I'm not sure where I'll end up attending church. So many great Episcopal churches are in the area! St. Marks in San Marcos, St. Stephen's in Wimberley, and St. John's in New Braunsfels. I attended a dinner and service at Christ Chapel (campus ministry) last week. It was nice, but will take some time to warm up to. Its a great group of people for sure, I just don't know them yet.

I'm going to hit the hay soon... I still haven't figured out the bus system, so I have a 20 minute walk to my 8am class tomorrow. Maybe I'll post more tomorrow during my break between classes.

Goodnight friends, be blessed!

Friday, December 30, 2011

Wrapping up 2011...

Sorry it's been so long since my last post. Being home has kept me busy with friends, family and packing up things to move into my apartment on January 12! I've been very blessed so far this break with time with my family and friends.

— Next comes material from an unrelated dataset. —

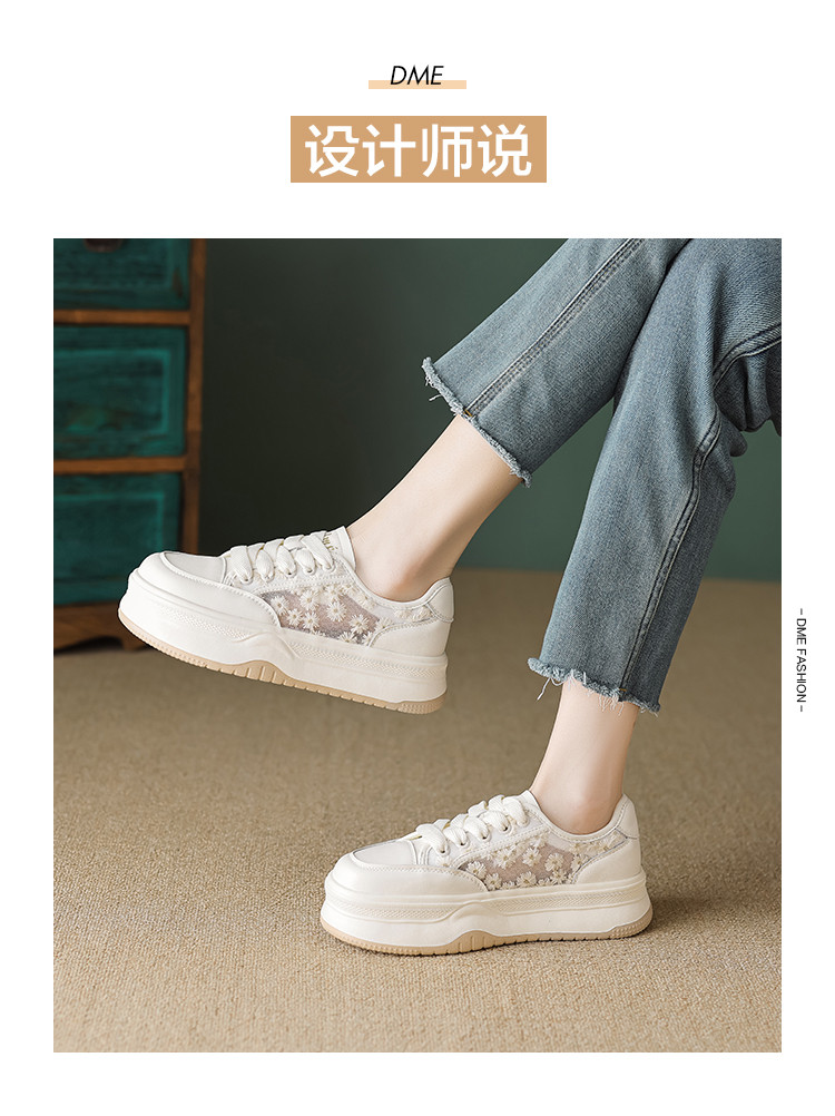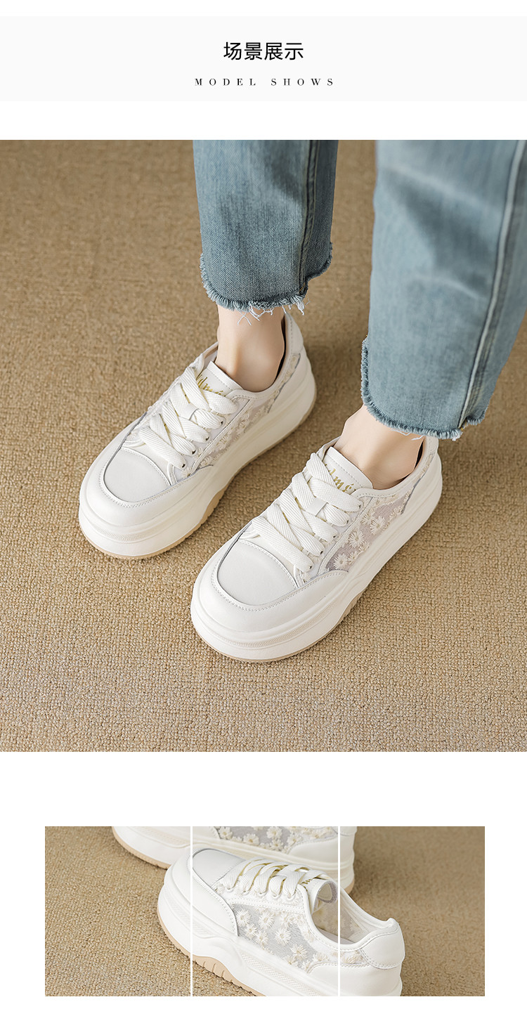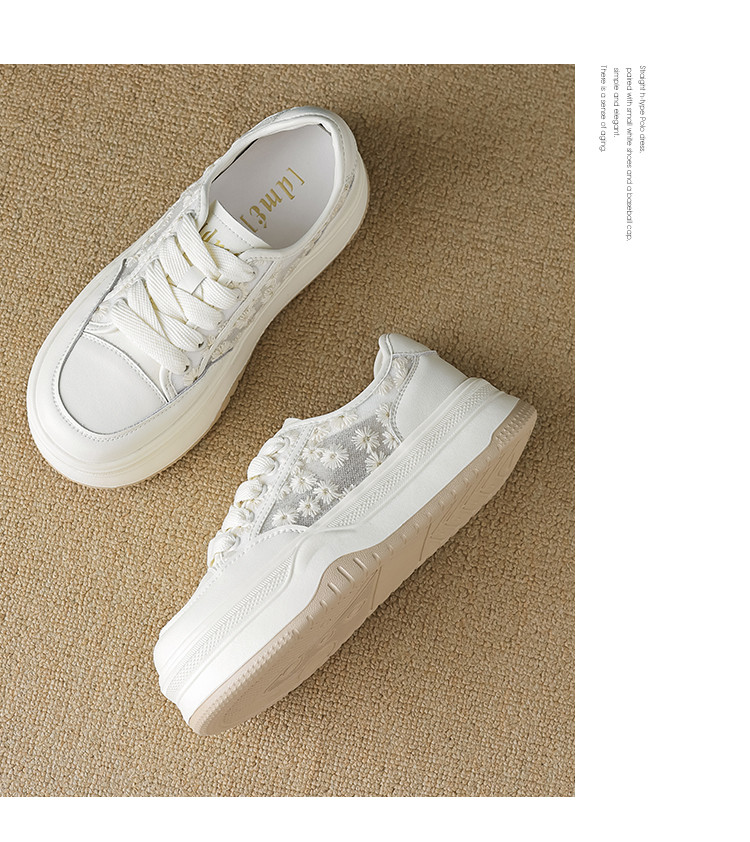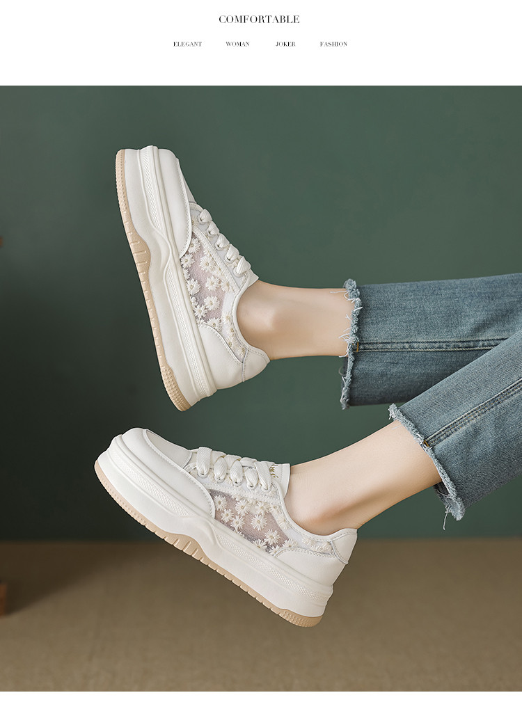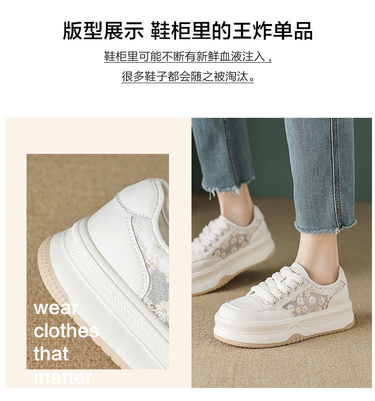 2024夏季时尚潮流甜美网面小雏菊舒适厚底小白鞋女休闲鞋

What a year 2011 was! Countless hours on art projects and studying for my 18 hour course load occupied much of my time from January-May at Sam Houston State University. I was enjoying my time in Huntsville, but knew there was something missing or that didn't feel right. I couldn't put my finger on it, but I knew something needed to change for me to be completely content in college. Half way through the semester I found out I had been hired as the photographer at Camp Capers. My dream for years had finally been fulfilled! I would be spending my entire summer at my favorite place on the planet, with my best friends. Little did I know, I'd meet some people that summer whose friendship I don't anticipate ever loosing.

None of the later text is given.